The German manufacturer is developing the vertical-takeoff craft and plans to launch operations within three years once it completes flight trials, evaluation and certification.

It needs to first obtain necessary approvals from the Civil Aviation Authority of Singapore and the European Union Aviation Safety Agency.

However, tickets are already on sale, with a 15-minute trip costing 300 euros (~S$485).

While prices are on the steep side, Volocopter said that it should significantly decrease once flights become more widely available.

Previously, Volocopter CEO Florian Reuter said that he expects air taxi rides to be as affordable as ride-hailing in “the next five to 10 years”.

He also shared that he imagines the Volocopter will be used for multiple purposes – to shuttle users from one point to another, as a tourist attraction, and even for industrial purposes like ship guidance or supporting construction or agriculture industries.

The craft will initially only carry two persons — a pilot and a passenger — but it could increase to two passengers once approvals for autonomous operations are in.

In October last year, Volocopter conducted a demonstration flight over Marina Bay.

The first commercial route is likely to fly tourists over the same district and future services could include cross-border journeys, said the company.

To support the flights in Singapore, Volocopter plans to build a team of 50 pilots, engineers and operations specialists.

Grab Might Get A Slice Of The Flying Taxi Pie

In February last year, Grab announced that it is partnering Volocopter to conduct a joint feasibility study exploring the prospect of urban air mobility in Southeast Asia.

The two firms have signed a Memorandum of Understanding (MOU) to look into the most suitable cities and routes to deploy air taxis, evaluate the best use cases for air taxis, and explore the possibility of joint flight tests.

The findings will lay the groundwork for both companies to potentially launch air taxi services together in the future.

For Grab, moving forward with this project could once again beef up the extensive services they have gathered on their regional ‘superapp’.

“Grab has gathered traffic patterns and customer insights in the region that can help our teams come up with the most innovative mobility solutions to plug the gaps in the transport landscape,” said Chris Yeo, Head of Grab Ventures.

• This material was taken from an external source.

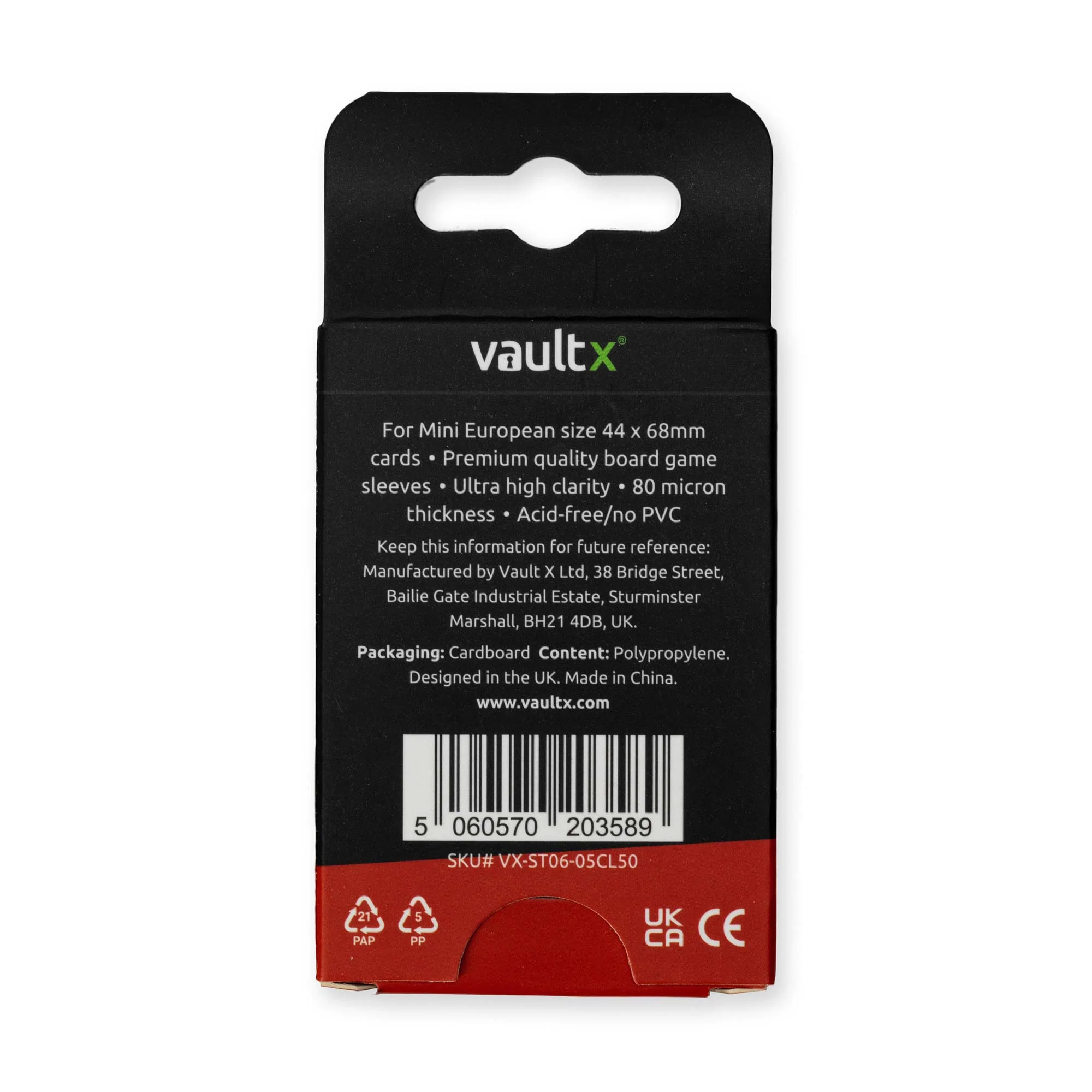 Keep your board games protected and extend the lifespan of your favourite titles with Vault X premium board game sleeves. Featuring excellent shuffle feel and premium 80 micron thickness, these 46 x 70mm sleeves are suitable for Mini European sized cards up to 44 x 68mm.
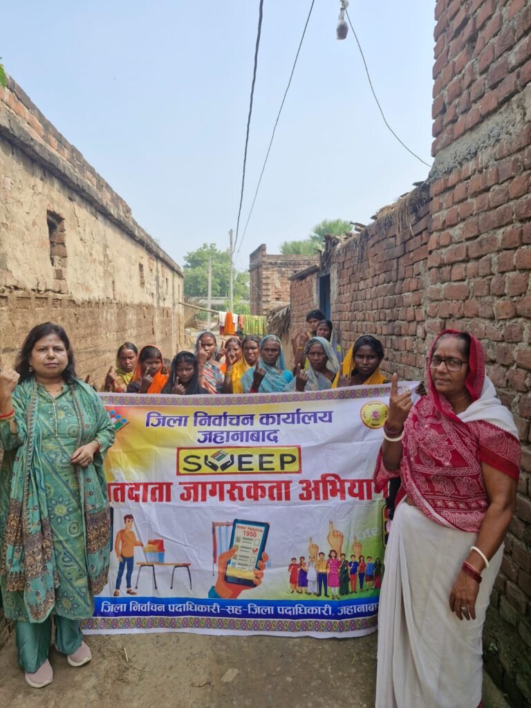 आज जहानाबाद जिला अंतर्गत *प्रखंड मोदनगंज** क्षेत्र के पंचायत बंधुगंज, सरिस्टाबाद , गंधार, कोकरी, देवरा ,जैतीपुर एवं बुथ संख्या 71,89,137,138 में *प्रखंड मखदुमपुर* क्षेत्र के पंचायत डकरा, पश्चिमी सरेन , में *प्रखंड जहानाबाद* क्षेत्र के पंचायत कसई, गोडीहा ,आदमपुर और *प्रखंड हुलासगंज* क्षेत्र के पंचायत दावथु , मुरगांव बूथ संख्या 223, चीरी बूथ संख्या233, *प्रखंड काको* क्षेत्र के ग्राम अमथुआ में सेविका ,सहायिका, टोला सेवक ,विकास मित्र एवं जीविका दीदीयो के द्वारा डोर टू डोर प्रोग्राम किया गया और जहानाबाद के लोगों को यह भी बताया गया कि एपिक के अलावा 12 अलग दस्तावेजों को इस्तेमाल कर वह अपने मतदान केंद्र पर जाकर अपना वोट दे सकते हैं, और लोकतंत्र के इस महापर्व में अपनी सहभागिता प्रदान कर सकते हैं।

GrabHeli / Image Credit: Grab

Back in 2017, Grab piloted a helicopter service in Indonesia as a means to overcome their road congestion problems.

Called GrabHeli, it was offered to selected Indonesia users as part of the startup’s fifth anniversary celebrations.

Volocopter and Grab is only one of the few firms who have had their sights set on offering air taxi services in Singapore.

In September 2018, American manufacturer Bell Helicopter revealed its hopes of launching an ‘air taxi’ service in Singapore by 2025.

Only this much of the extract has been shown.